With Procter & Gamble Co.'s worldwide move to performance-based compensation, a move many will soon follow, advertising agencies face a similar choice: stay in the advertising business or expand into the brand relationship business?

The impact of performance-based compensation is a watershed event, similar to 100 years ago when ad agencies expanded into doing creative work from being just media space agents.

The need for good creative and media buying will continue, of course. The change is that agencies also need to become experts in how brand relationships are built and managed. It's the quantity and quality of brand relationships that determine sales and profits.

This requires understanding and advising clients on all important brand messages, including those sent by such things as pricing, distribution, product performance and customer service. As we explain in our book "Driving Brand Value," most product and service messages (along with the unplanned messages such as news stories and word of mouth) have more impact on sales and profits than do marketing communications. Mass media advertising is only the tip of the brand-relationship building iceberg.


Agencies, therefore, must become brand relationships experts for two simple reasons. The first is to ensure that all brand messages are positive, so advertising's impact on attitudes and behavior will not be negated. The second is to help clients manage the increasing level of two-way communication with customers as customers make more use of interactive technologies and demand more recognition and attention.

Agencies that fail to understand what performance-based compensation really means are in danger of once again being by-passed. That has already happened twice in recent years.

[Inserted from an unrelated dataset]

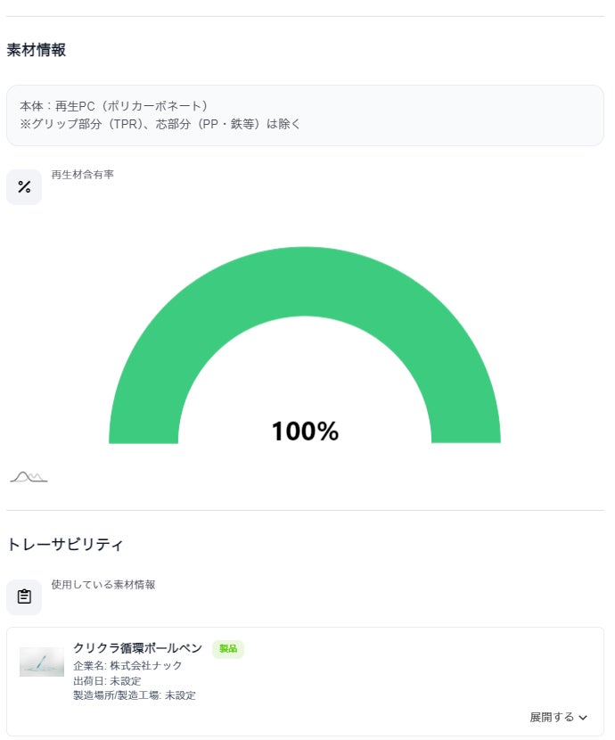 また今回のマテリアルリサイクルの取り組みでは、TBMの提供するトレーサビリティ情報等を付与した再生材や再生原料の調達プラットフォーム「Maar 再生材調達」のDPP※に適応した事項の可視化機能を活用し、再生材含有率や、原料から再製品化までのトレーサビリティを可視化するなど、将来的なDPP対応を見据えた消費者への環境性、循環性の訴求に取り組みました。

The first occasion was when clients turned to management consultants (rather than their agencies) for marketing and brand building help. This is because management consultants better understand brand equity (increasingly a major portion of shareholder value). This should never have happened because brand equity is an intangible based on perceptions that are communication driven, and agencies are supposedly communication experts.

Agencies were bypassed again when clients "discovered" that retaining current customers is more cost-effective than getting new ones. This time clients turned to direct-response agencies and information technology companies to help them improve internal and external communications, to be more personal in their communications and to learn how to better listen and respond to their customers. (This doesn't mean agencies should become high-tech companies, but they should be working side by side with these communication solution providers.)


In order for agencies to be more responsible for sales and profits, they must begin by doing the following:

* Better manage customer expectations.

Operationally, agencies must move from just making promises (e.g., making and placing ads) to managing expectations (e.g., managing brand relationships). When prospects' and customers' expectations are not met, they quit buying. Making promises gets customers. Managing expectations keeps customers.

* Understand the difference between advertising and brand communications.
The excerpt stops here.